Start of THE INPUT

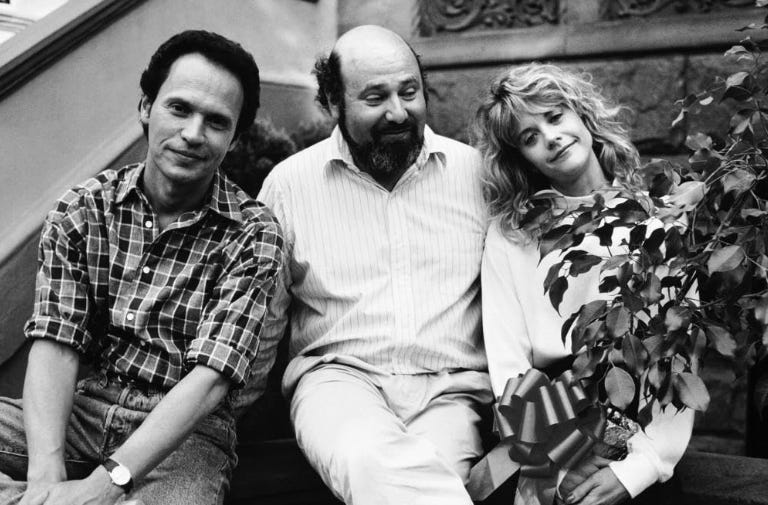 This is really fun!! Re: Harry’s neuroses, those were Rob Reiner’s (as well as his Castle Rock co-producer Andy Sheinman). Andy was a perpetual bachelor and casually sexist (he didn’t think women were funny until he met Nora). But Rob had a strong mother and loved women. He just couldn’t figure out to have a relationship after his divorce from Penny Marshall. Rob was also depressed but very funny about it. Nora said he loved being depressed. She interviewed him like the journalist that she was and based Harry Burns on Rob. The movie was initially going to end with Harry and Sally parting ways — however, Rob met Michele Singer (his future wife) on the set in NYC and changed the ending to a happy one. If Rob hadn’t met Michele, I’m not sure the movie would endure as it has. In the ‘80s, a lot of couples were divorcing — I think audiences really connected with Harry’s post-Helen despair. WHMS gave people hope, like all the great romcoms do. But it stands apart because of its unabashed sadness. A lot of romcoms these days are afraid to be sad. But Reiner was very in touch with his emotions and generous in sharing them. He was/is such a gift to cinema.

End of THE INPUT
Start of THE INPUT

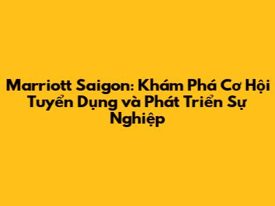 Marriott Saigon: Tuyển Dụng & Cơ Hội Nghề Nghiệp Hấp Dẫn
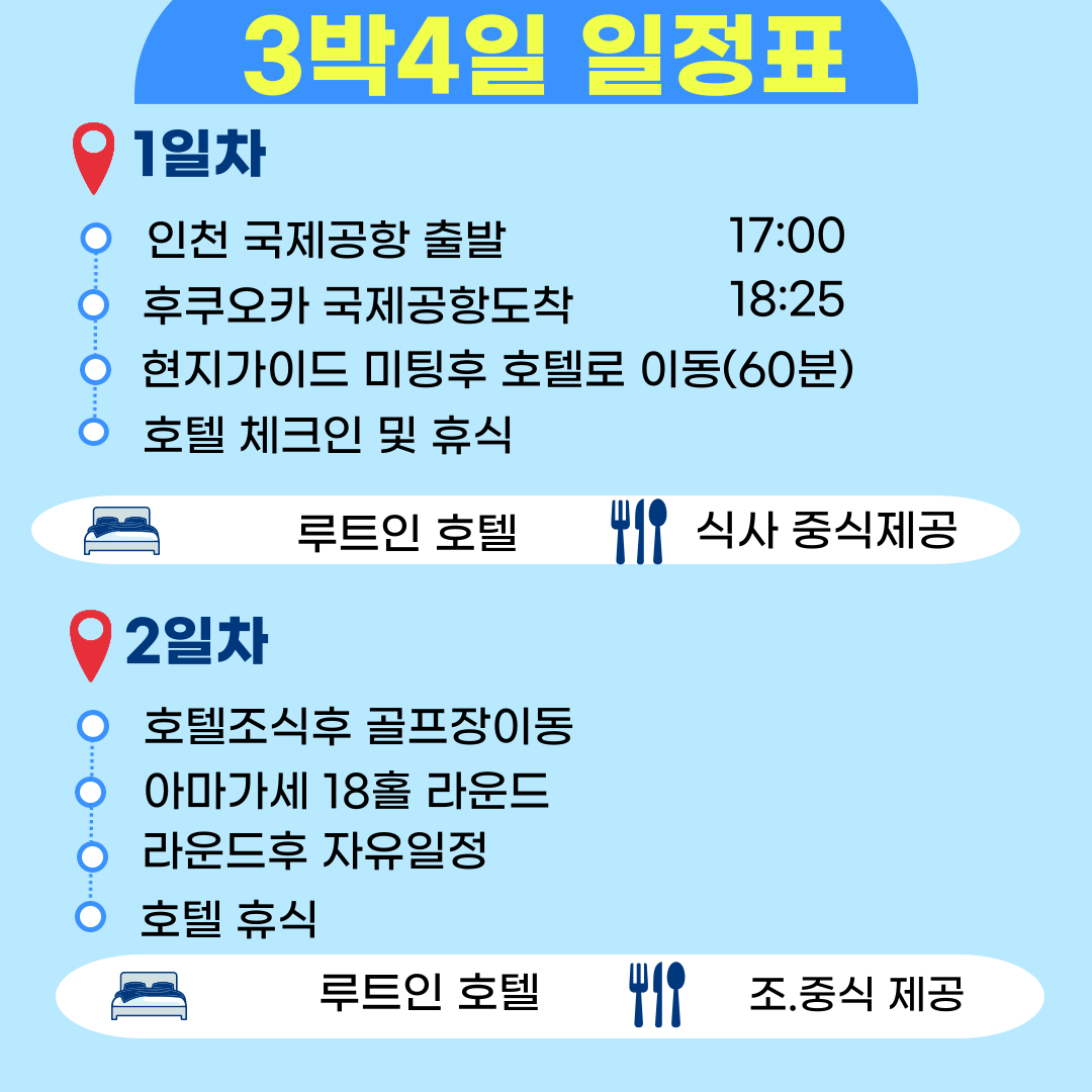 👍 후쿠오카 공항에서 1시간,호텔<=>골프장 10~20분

End of THE INPUT

- REQUIREMENT -
Exactly the lines above, from the one containing "Marriott Saigon: Tuyển" down to the one containing "공항에서 1시간,호텔<=>골프장 10~20분", are to be repeated, including both ends. Pictures are not part of the copy.

- EXERCISE OUTPUT -
 Marriott Saigon: Tuyển Dụng & Cơ Hội Nghề Nghiệp Hấp Dẫn
 👍 후쿠오카 공항에서 1시간,호텔<=>골프장 10~20분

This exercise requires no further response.